Je suppose donc – comme dans le cas du massacre de petits chiens, qui se joue de manière très burlesque, à la manière de la course à pied de 16 tonnes. Monty Python gag – s'offusquer de ce film est en grande partie une question de choix. Seul le film, malgré tout son savoir-faire et son soin, ne demande pas au spectateur de prendre quoi que ce soit au sérieux, même de loin – en ce qui concerne les farces, il est vraiment engagé dans la farce.
En train de regarder Que maintenant, sa méchanceté semble encore impertinente – elle n’a pas caillé comme Cleese lui-même semble l’avoir fait ces dernières années. Les lectures de lignes de Curtis sont particulièrement hilarantes – lorsqu’elle a finalement décidé de violer de manière flagrante la directive d’Otto de ne jamais le traiter de stupide, elle se lâche : vous traiter de stupide serait une insulte aux gens stupides ! J'ai connu des moutons qui pouvaient vous déjouer ! Ce qui m'a mis par terre. Mon conseil à ceux qui regardent pour la première fois est le suivant : si vous parvenez à pirater l'humour sur les troubles de la parole, vous passerez peut-être un bon moment. Mais l’insouciance libre du film exige une attitude tout aussi légère de la part du spectateur.
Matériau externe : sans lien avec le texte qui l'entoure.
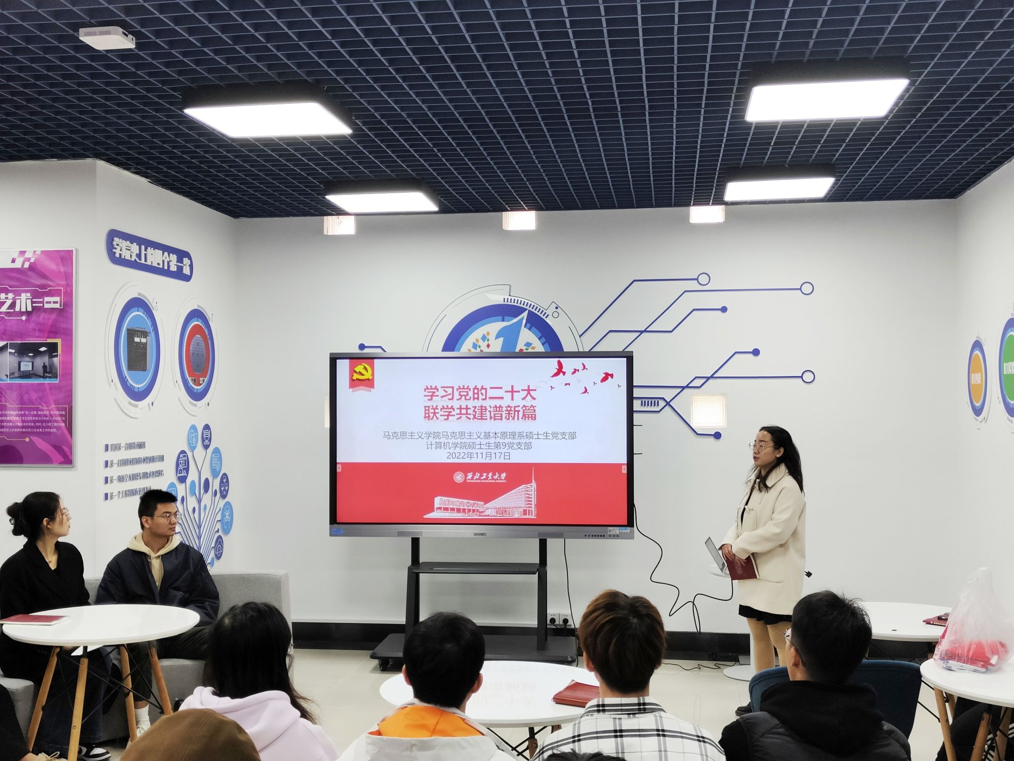 为深入学习贯彻党的二十大精神,在学生党员中掀起学习热潮,进一步推动党的二十大精神入脑入心、落实落地,PP电子游戏网站PP电子游戏网站马克思主义基本原理系硕士生党支部和计算机学院研究生第九党支部联学共建,11月17日10点在计算机学院党员活动室开展“学习党的二十大,联学共建谱新篇”主题党日活动,本次会议由马克思主义基本原理系硕士生党支部书记王慧新主持。

Les vérificateurs de cases n'ont pas besoin de s'appliquer.
Le critique chevronné Glenn Kenny passe en revue les nouveautés sur RogerEbert.com, le New York Times et, comme il sied à quelqu'un de son âge avancé, le magazine AARP. Il blogue, très occasionnellement, sur Certains sont venus en courant et des tweets, surtout pour plaisanter, à @glenn__kenny . Il est l'auteur du livre acclamé de 2020 Made Men : L'histoire des Affranchis , publié par Hanover Square Press.